What happens when you hit convert
- The page decodes each HEIC using the libheif WebAssembly build, plus your browser's normal image engine.
- Each photo gets re-saved as a JPG.
- Drop one file, get one file back. Drop several, get a zip.
About quality
JPG throws away some data when it compresses. The presets are a tradeoff. Standard is fine for most photos. High is what you want if you'll edit the JPG later. Compact gets you the smallest file for sending around.

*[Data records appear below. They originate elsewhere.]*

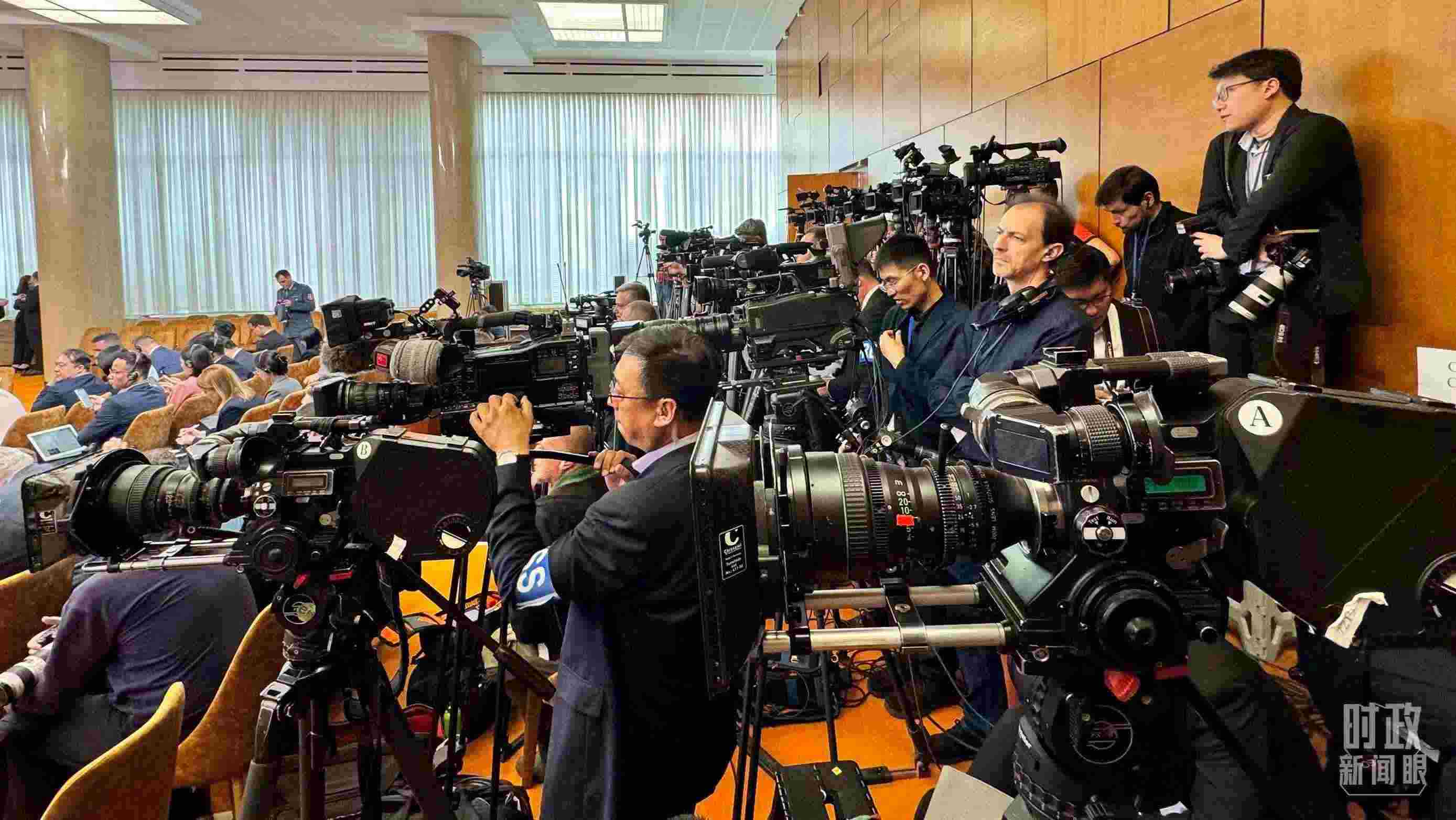 △這是中塞兩國(guó)元首共見(jiàn)記者開(kāi)始前的現(xiàn)場(chǎng),記者云集。(總臺(tái)央視記者李增仁拍攝)
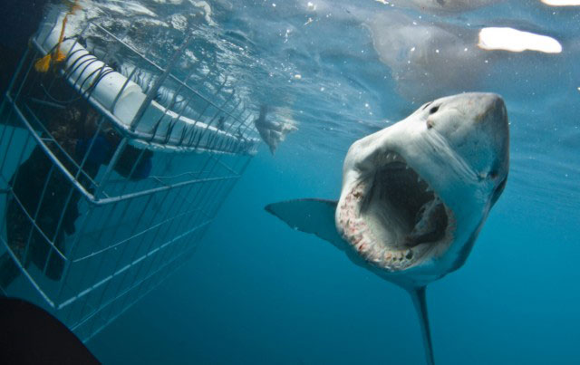 Iako se Gansbaai plaža smatra jednom od najopasnijih na svetu, ona privlači sve veći broj turista koji žele da iz blizine vide i plivaju, u sigurnim kavezima, sa velikim belim ajkulama.
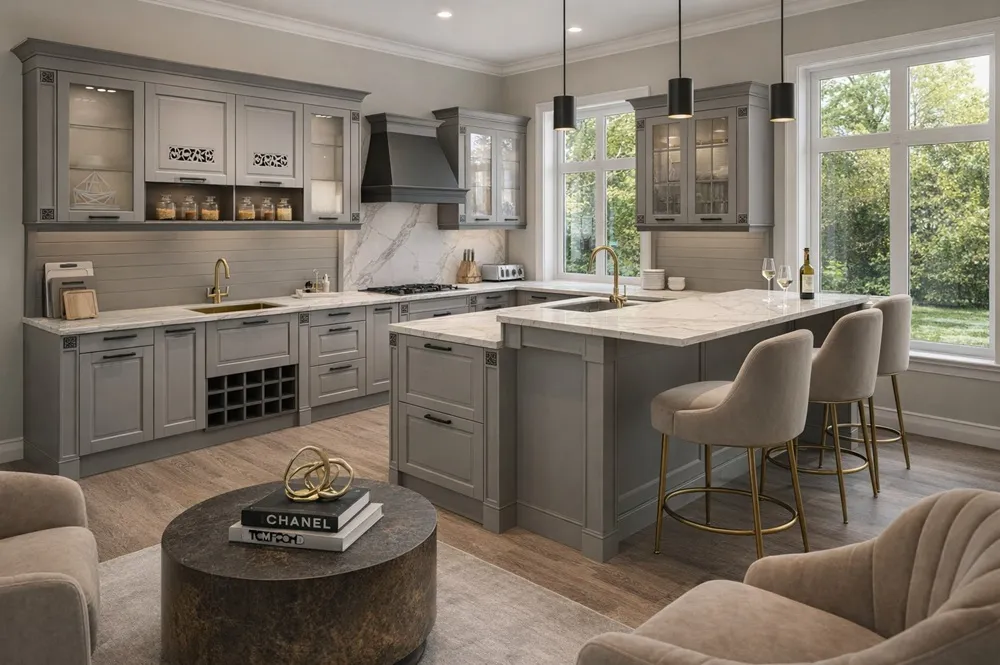 позволяют разместить множество шкафов и ящиков, сохраняя при этом свободный центр помещения. Продуманная эргономика делает процесс приготовления пищи комфортным и приятным.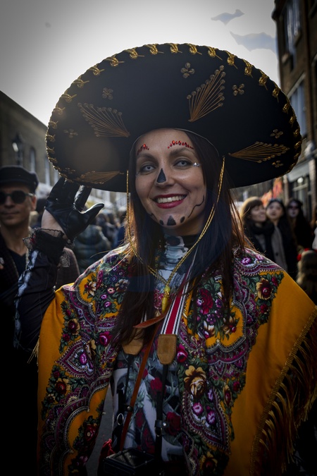 The Day of the Dead celebration took place at Columbia Road Flower Market in East London, with vibrant processions winding through the market's stalls. The event featured altars, floral displays and traditional music as locals and visitors gathered to honour ancestors and celebrate heritage amid the iconic flower market setting., Credit:Zak Irfan / Avalon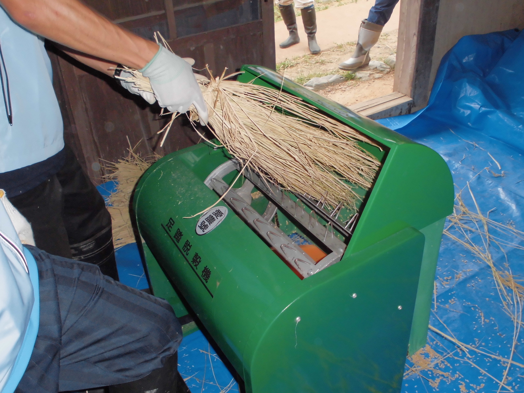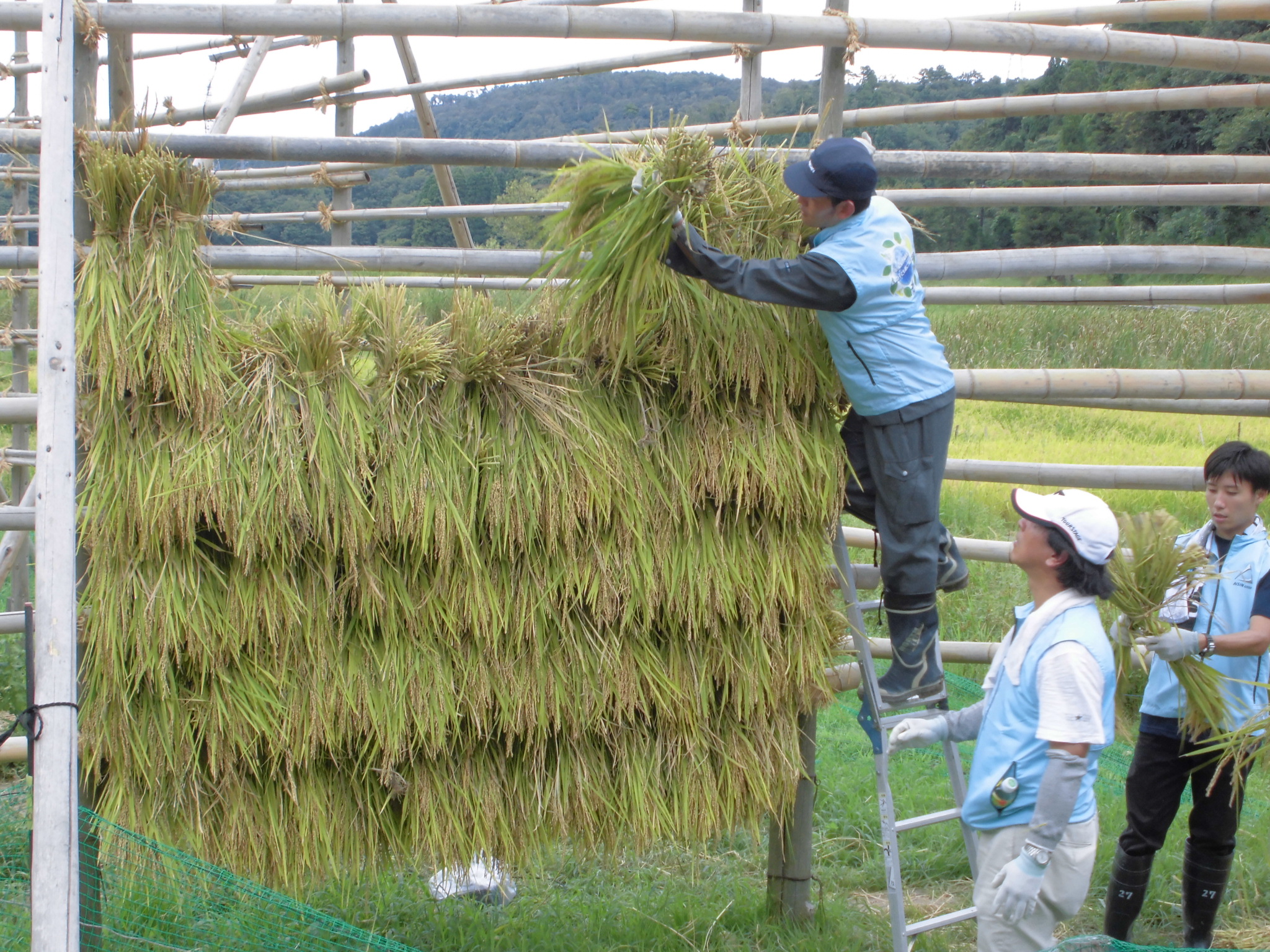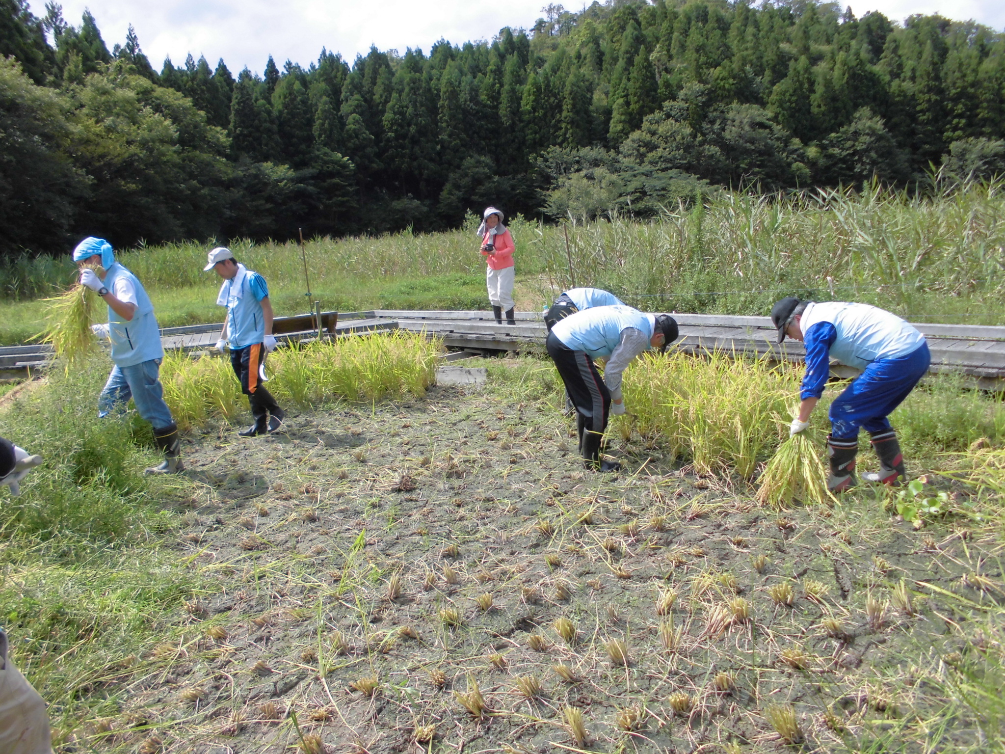 今回は、5月の田植えから大きく成長した稲穂の刈取りとはさかけ、脱穀作業を行いま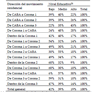 En ese sentido, la movilidad residencial reproduce y acentúa la división social del espacio, en la medida en que los sectores sociales con niveles educativos más elevados tienden a mudarse hacia zonas con mejores infraestructuras y donde ya se concentran esos mismos sectores. Al mismo tiempo, la población de menor nivel socioeconómico se ve expulsada a las periferias. Sin embargo, la periferia no sólo es el destino de los más desfavorecidos, por el contrario, los partidos del segundo y tercer cordón -principalmente de la zona norte- que experimentaron una fuerte expansión de barrios cerrados, recibieron un importante flujo de población con alto nivel educativo provenientes de los lugares más centrales.
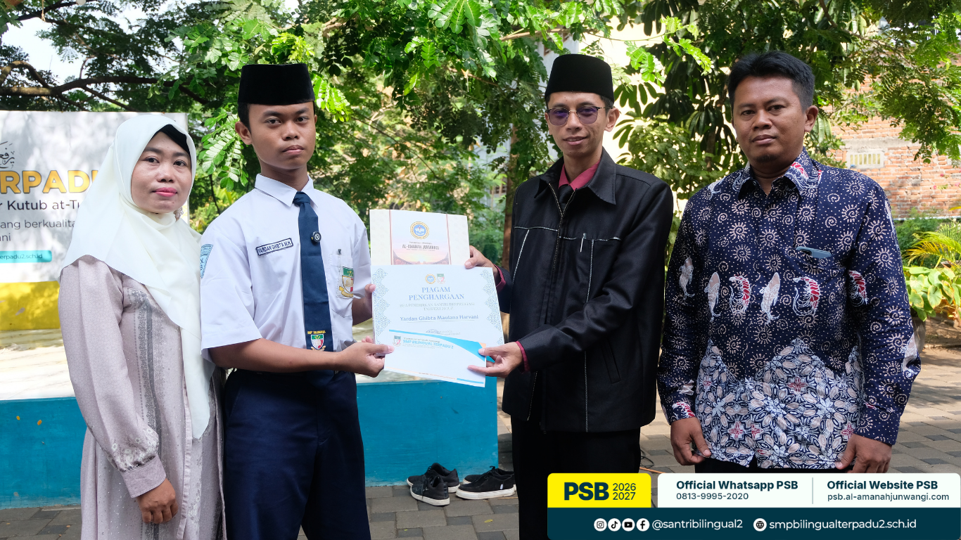 Yardan Ghibta, seorang santri Pesantren Modern Al Amanah, berhasil mengkhatamkan 30 juz Al-Qur’an dalam kurun waktu kurang dari tiga tahun. Tepat pada 20 Oktober 2025, menjelang perayaan hari santri. Di hadapan seluruh santri SMP Bilingual Terpadu 2 beserta asatidz dan ustadzah, serta ayahanda dan ibunda tercinta yang hadir secara langsung, Yardan menyetorkan hafalan juz 30 di halaman Al Hikmah.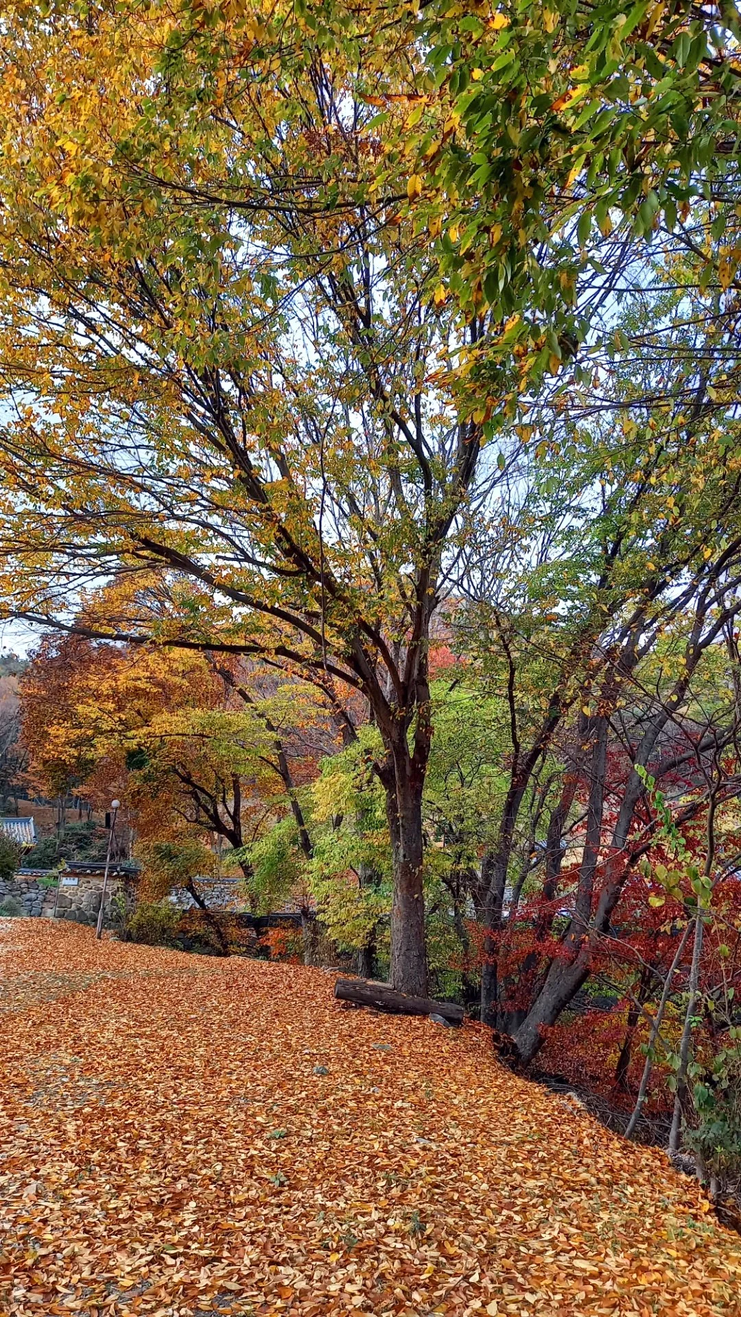 위봉사로 이동했는데 나는 절은 잘 안 봐서 주변 산책길을 걸으며 단풍을 담는다. 수북이 낙엽 떨어진 길도 여기저기 고운 단풍도 계절을 모르고 피어난 꽃들도 예쁘다.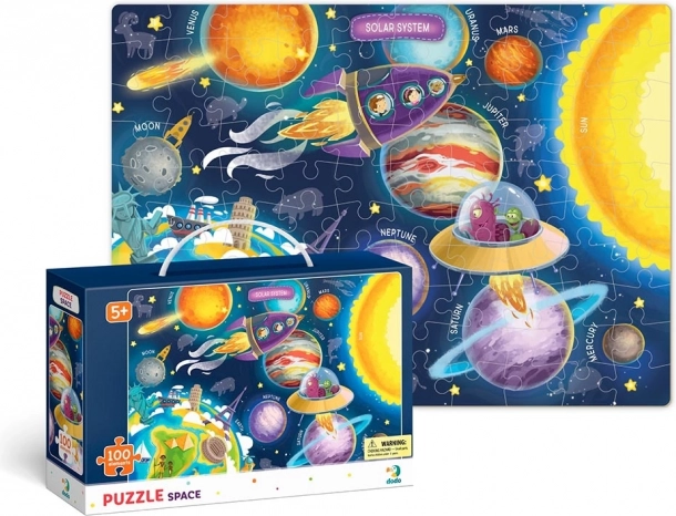 Objevte kouzlo kosmu s tímto vzdělávacím puzzle. Díky 100 dílkům a barevnému zobrazení sluneční soustavy s popisy planet je skládání nejen zábavné, ale i vzdělávací. Velký formát obrázku podporuje rozvoj jemné motoriky, logického myšlení a poznávání vesmíru.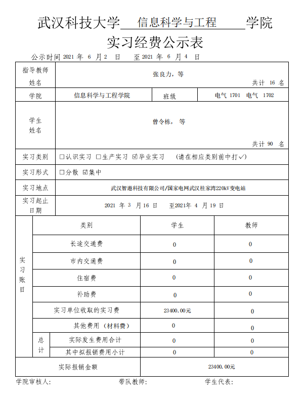 信息學院2017級電氣專業(yè)畢業(yè)實習經(jīng)費公示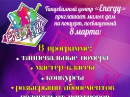 Танцевальный центр “Energy” приглашает милых дам на концерт, посвященный 8 марта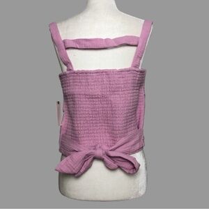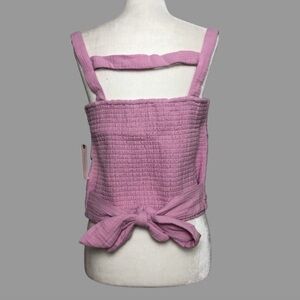 ❤️ L ❤️ NWT Anthro Top Tank Cropped Smocked Tie Back Bow Knotted

Nothing leaves your browser
The photos are processed in this tab. The simplest proof: load the page, kill your internet, run a conversion. It still works.
About the HEIC format
HEIC is Apple's branding for HEIF — High Efficiency Image File Format — a container standardized by MPEG in 2015. Apple flipped iPhones to HEIC by default starting with iOS 11 in late 2017. The image data inside is compressed with HEVC (H.265), which is the same video codec used for 4K Blu-rays. The compression is significantly better than JPG: about half the file size at the same visible quality. HEIC also supports tricks JPG can't — multi-image bursts, depth maps, alpha channels, and 10-bit color. The barrier to widespread adoption was HEVC's patent licensing, which is why a lot of non-Apple software still struggles.
About the JPG format
JPEG was finalized by the Joint Photographic Experts Group, an ISO/ITU committee, in 1992. The .jpg extension exists because old Windows insisted on three letters; on every other system, .jpeg is equally valid. JPG uses discrete cosine transform compression — efficient for photographs, lossy by design, terrible for sharp text or solid color blocks. It doesn't support transparency. Despite being more than 30 years old, JPG is still the format every camera, browser, email client, social network, and printer accepts without question. Universality is the whole point.
When to use HEIC to JPG (and when not to)
Convert when:
- You're uploading photos to a service that rejects HEIC (most insurance portals, job applications, older CMS systems).
- You're sharing photos with someone on Windows or older Android.
- You're sending images to a print service or photo lab.
- You want to edit photos in software that doesn't read HEIC properly.
Stay with HEIC if:
- Everyone involved is on Apple devices — there's no benefit and you'll lose file-size efficiency.
- You're archiving long-term and care about preserving depth maps or 10-bit color data.
Common problems and how to fix them
- JPG file is bigger than the HEIC. That's expected. HEIC is more efficient. The JPG keeps the same visible pixels, just in a less-compressed wrapper.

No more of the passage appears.